К сожалению, Грин мало чем мог помочь несчастным лагерникам. Но он разместился в кабинете коменданта и отдал несколько коротких и ясных приказов, словно пехотному капитану американской армии по роду службы чуть ли не каждый день приходилось, оказавшись в центре цивилизации и обнаружив там полный хаос, наводить должный порядок. Свой джип капитан направил в штаб батальона с просьбой прислать врачей и грузовик с продуктами. Все запасы продовольствия, имеющиеся в роте, разгрузили и складировали в административном корпусе. Грин распорядился выдавать продовольствие только самым истощенным из заключенных, которых находили команды, разосланные по баракам. Немецких охранников поместили в дальнем конце коридора, рядом с дверью в приемную. Там до них не могли добраться лагерники.

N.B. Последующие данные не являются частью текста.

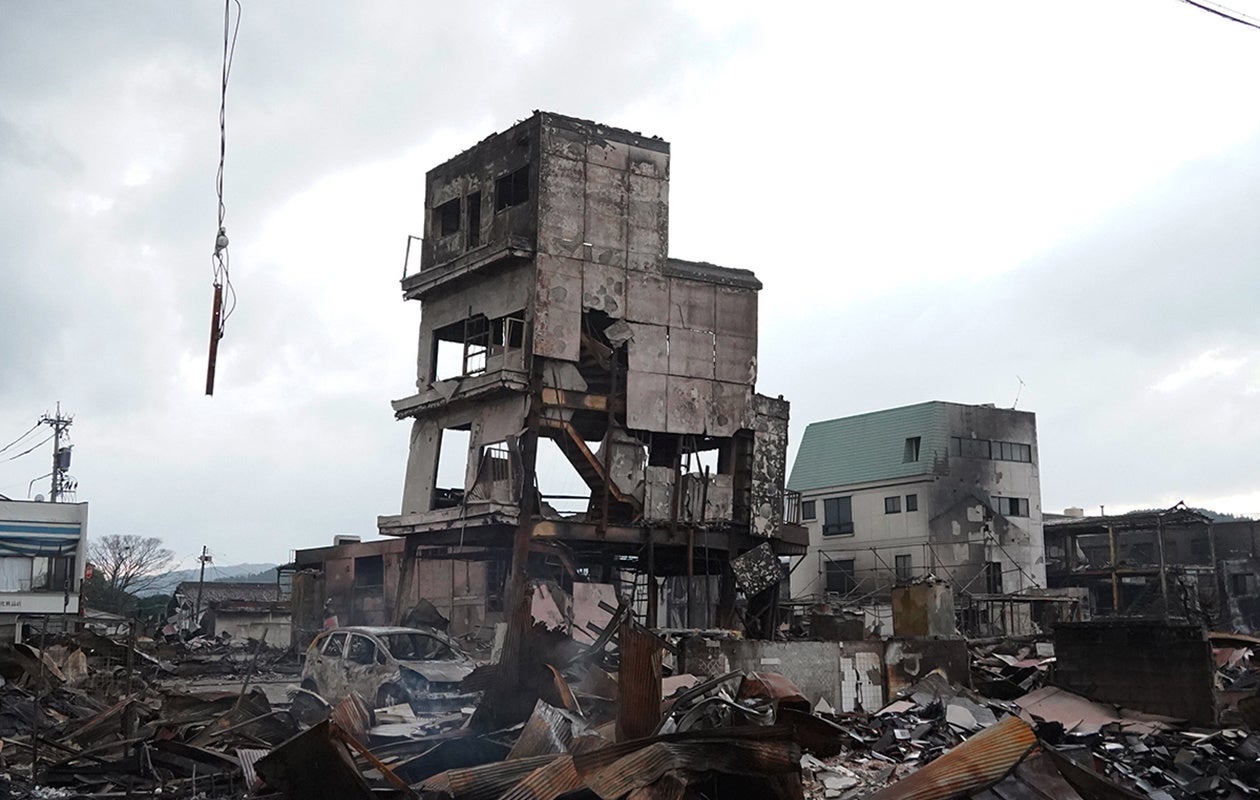 廃墟と化した石川県輪島市の朝市通り一帯=2024年1月5日

Майкл, который, как и Ной, исполнял обязанности посыльного, услышал, как один из немцев на хорошем английском пожаловался Пфайферу, который их охранял, на чудовищную несправедливость: они, мол, в лагере всего неделю и никому не причинили вреда, а вот эсэсовцы, которые провели в лагере не один год и несли всю ответственность за муки и лишения, причиненные его узникам, ушли безнаказанными и теперь скорее всего сдались американцам и преспокойно попивают апельсиновый сок. Слова пожилого немца полностью соответствовали действительности, но Пфайфер не пожелал оценивать долю вины каждого, рявкнув:

– Заткни пасть, а не то я заткну ее каблуком!

За неделю до освобождения заключенные тайно образовали комитет для управления лагерем. Грин вызвал к себе председателя комитета, низкорослого, щупленького мужчину лет пятидесяти, который говорил по-английски с необычным акцентом. Уроженец Албании, до войны этот человек, которого звали Золум, работал в министерстве иностранных дел своей крохотной страны. Он сообщил Грину, что провел в этом лагере три с половиной года. Совершенно лысый, с маленькими глазками-бусинками, широко сидевшими на его когда-то круглом лице, Золум пользовался непререкаемым авторитетом и оказал Грину немалую помощь в организации рабочих команд из лагерников, сохранивших остатки сил. Они выносили из бараков тела умерших и разделяли больных на умирающих, находящихся в критическом состоянии и тех, кто имел хорошие шансы выжить. Умирающих просто клали вдоль стены одного из бараков, чтобы они спокойно отошли в мир иной, увидев лучик солнца и вдохнув глоток весеннего воздуха.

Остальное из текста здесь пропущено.